● **Data section**
------------------------------------

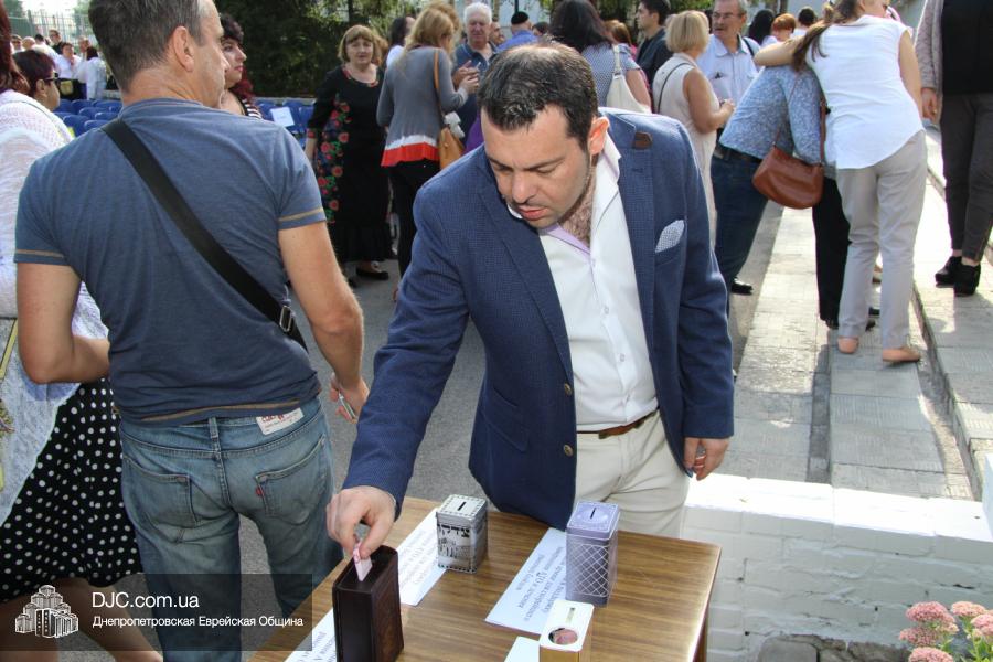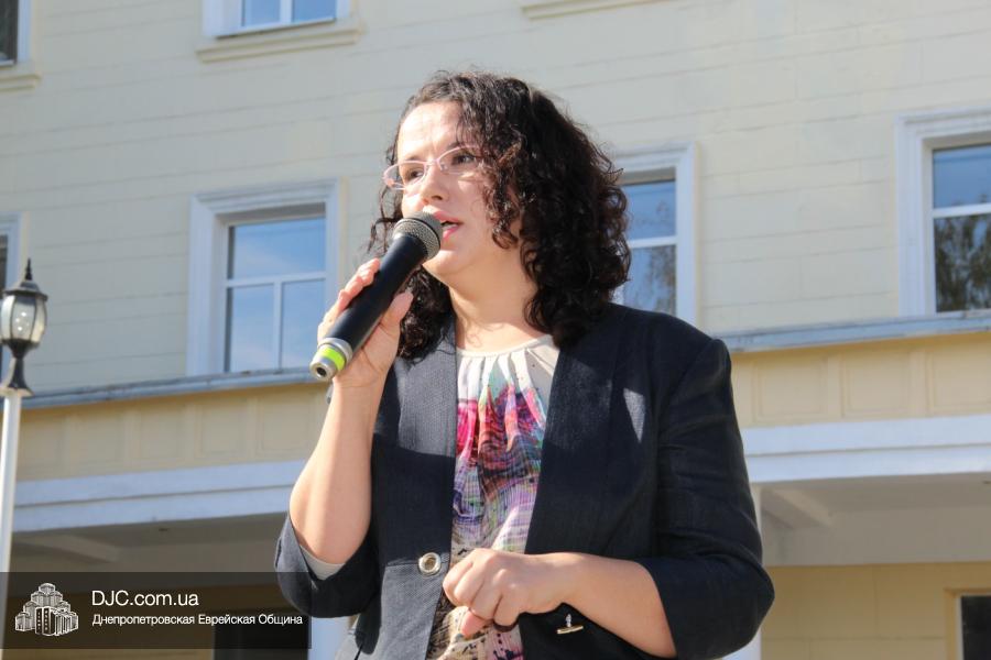 Затем Татьяна Хавкина представила собравшимся почетных гостей церемонии и предоставила слово директору благотворительного фонда «Тиква», члену Попечительского Совета Днепропетровской еврейской общины Виталию Зайднеру, директору филиала «Сохнут-Украина» Натали Набитовски, управляющему делами еврейской религиозной общины Александру Фридкису, координатору «Кегила-проджект» Яну Сидельковскому и члену правления Днепропетровской еврейской общины Олегу Ростовцеву.
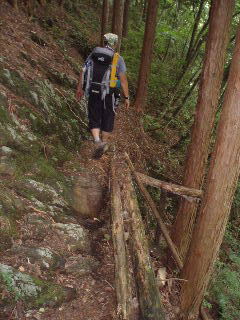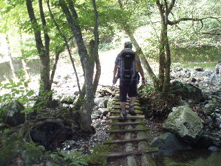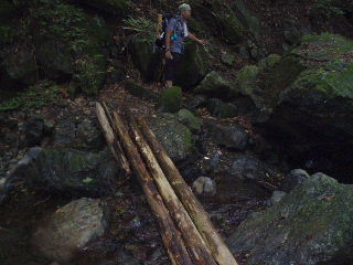 | かなり荒れた道でしたが、沢にはこうして簡単に丸木がかけられています。 | ||||
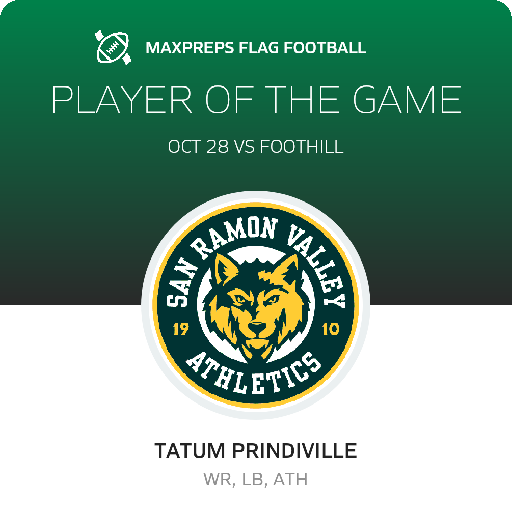October 28, 2025: Pleasanton, CA 94588 The San Ramon Valley Wolves flag football squad scored 13 points and limited the host Foothill Falcons to 7 in the Wolves non-league triumph on Tuesday.
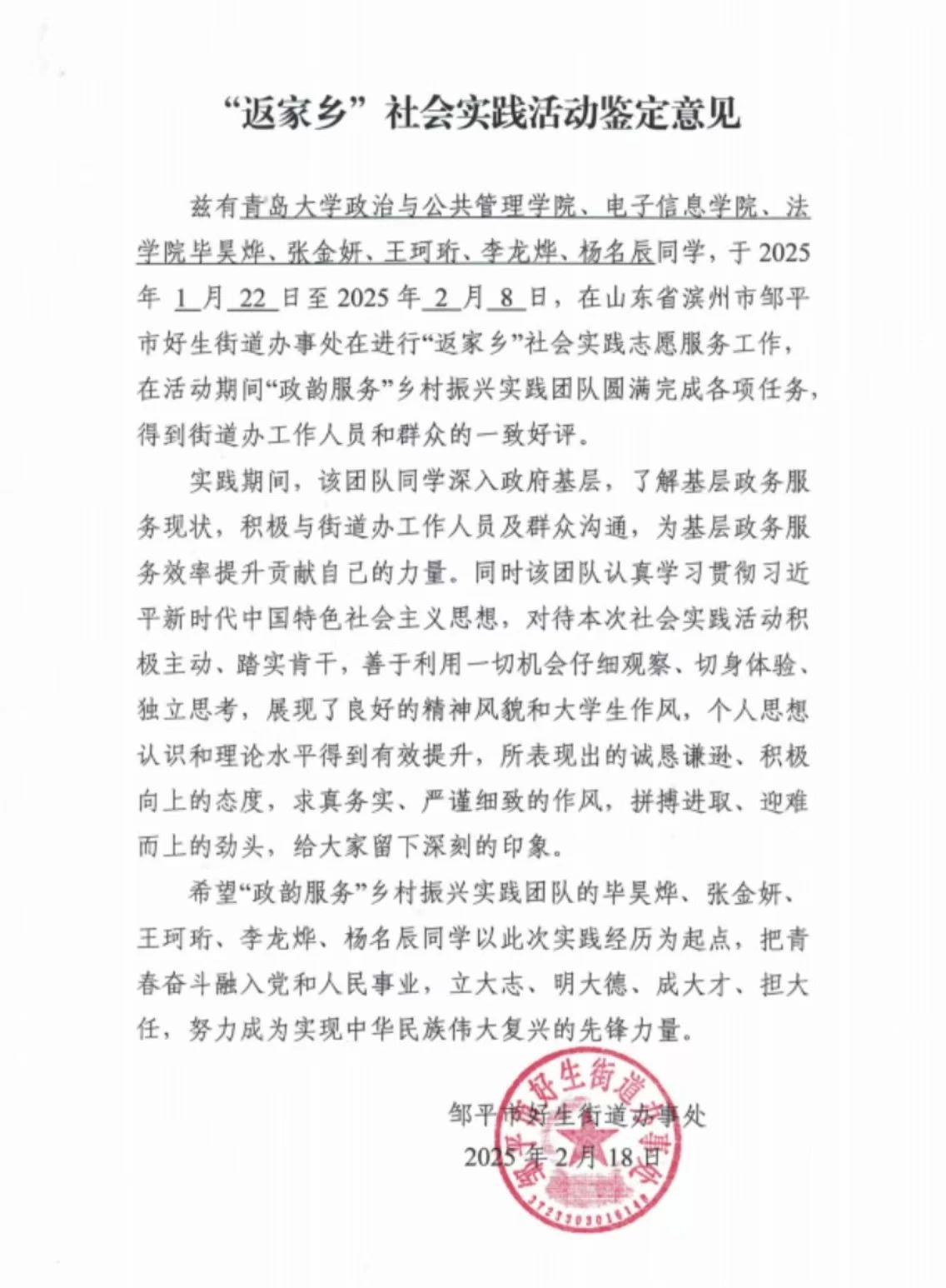 、物理科学学院、化学化工学院学生组成的少年“政”有为乡村振兴调研实践团,于2025年寒假深入山东省莱西市产芝村进行了为期10天的实地调研,全面认识了习近平总书记扎实推进乡村全面振兴的思想,深刻领悟了地方特色资源与乡村农家乐相结合对于促进乡村振兴发展的重要意义,采用了问卷调查、无结构访谈、半结构访谈、观察调查等社会科学研究方法,收获满满。(主要负责人:曲芸 团队成员:高圣淇,李欣茹,曹童禄)

------------------------------------

● **Directions for this task**
Retype the lines above exactly, no pictures.

● **Answer space**
 Затем Татьяна Хавкина представила собравшимся почетных гостей церемонии и предоставила слово директору благотворительного фонда «Тиква», члену Попечительского Совета Днепропетровской еврейской общины Виталию Зайднеру, директору филиала «Сохнут-Украина» Натали Набитовски, управляющему делами еврейской религиозной общины Александру Фридкису, координатору «Кегила-проджект» Яну Сидельковскому и члену правления Днепропетровской еврейской общины Олегу Ростовцеву.
 | かなり荒れた道でしたが、沢にはこうして簡単に丸木がかけられています。 | ||||
October 28, 2025: Pleasanton, CA 94588 The San Ramon Valley Wolves flag football squad scored 13 points and limited the host Foothill Falcons to 7 in the Wolves non-league triumph on Tuesday.
 、物理科学学院、化学化工学院学生组成的少年“政”有为乡村振兴调研实践团,于2025年寒假深入山东省莱西市产芝村进行了为期10天的实地调研,全面认识了习近平总书记扎实推进乡村全面振兴的思想,深刻领悟了地方特色资源与乡村农家乐相结合对于促进乡村振兴发展的重要意义,采用了问卷调查、无结构访谈、半结构访谈、观察调查等社会科学研究方法,收获满满。(主要负责人:曲芸 团队成员:高圣淇,李欣茹,曹童禄)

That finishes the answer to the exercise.